The Marburg virus is the newest health scare on the global stage, with officials in the U.S. and other countries warning doctors to look out for the deadly disease that is circulating in two African countries.
The World Health Organization said the virus has infected at least 16 people in Equatorial Guinea, a tiny country on the Atlantic coast, as of mid-April. Eleven of those people have died.
Tanzania, on the opposite coast, is dealing with its own outbreak of at least eight cases since late March.
The U.S. and the wider world haven’t reported cases, but the situation has the potential to be “very disruptive,” said Amesh Adalja, a senior scholar at the Johns Hopkins Center for Health Security.
“In Equatorial Guinea, for instance, multiple provinces are involved and there are likely undocumented chains of transmission,” he said.
The virus that causes Marburg disease is an RNA (ribonucleic acid) virus in the filovirus family. The six species of Ebola virus are the only other known members of the filovirus family, according to the Centers for Disease Control and Prevention.
“Unlike [for] Ebola, however, there is not a vaccine and no treatments,” Dr. Adalja said.
The National Institute of Allergy and Infectious Diseases said in January that a human study of an investigational vaccine for Marburg showed a robust antibody response, though further trials are needed before shots can be deployed in active outbreaks.
The CDC describes Marburg disease as a rare but severe hemorrhagic fever that can affect humans and nonhuman primates. The agency has documented 15 outbreaks of varying size since 1967, with several countries in sub-Saharan Africa as the source. Certain bats in those countries are the natural reservoir species for the virus.
Marburg is transmitted among people through blood or bodily fluids and can spread via broken skin or through the eyes, nose and mouth.
Case-fatality rates, meaning the share of confirmed cases that end in death, have varied widely — from 23% to 90% — in past outbreaks, due in part to factors such as the ability to catch cases early and stabilize patients in hospitals.
The CDC said it doesn’t think the twin outbreaks are related to each other but rather the result of independent spillover events from animals. The agency has scientists to assist with the response in both nations.
“The teams are assisting with case investigation, contact tracing and laboratory training. Along with local and global partners, CDC is also assessing border risk for Marburg crossing into neighboring countries,” the agency said in a statement.

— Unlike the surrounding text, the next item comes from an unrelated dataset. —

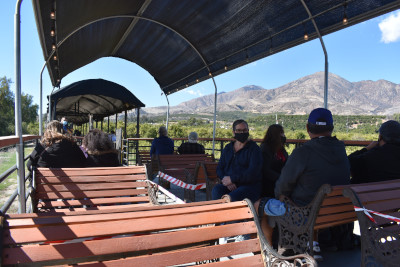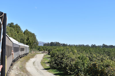 Elizabeth has been waiting to ride a local tourist train since she moved to southern California last spring. With COVID-19 happening, this was impossible. Finally, two weeks ago, we discovered that the Fillmore Western Railway was running a train once a week on Saturdays. Marty and Greg came over one evening to watch a program and we asked them if they would like to join us on a trip to Fillmore. They both said yes so tickets were bought for the Saturday when Metrolink's Orange County line would be closed south of Laguna Niguel due to track work.

The CDC this month warned U.S. doctors to be on the lookout for symptoms of the disease, particularly if patients have a travel history within the affected African countries. The notice tells physicians to coordinate testing with local authorities or seek guidance from a CDC hotline.
The failure to connect the dots between travel and symptoms was an issue for one Dallas-area hospital during the West African Ebola outbreak of 2014-16.
Doctors sent home a man who had traveled from Liberia in 2014 and had a high fever, only to readmit him and find he had Ebola. The man later died, and the broader outbreak in West Africa killed 11,000 people.
There are no direct flights from Equatorial Guinea or Tanzania to the U.S., and the risk to the American population is considered low.
Still, World Health Organization Director-General Tedros Adhanom Ghebreyesus wants all countries to be vigilant, saying the outlook in Equatorial Guinea remains murky.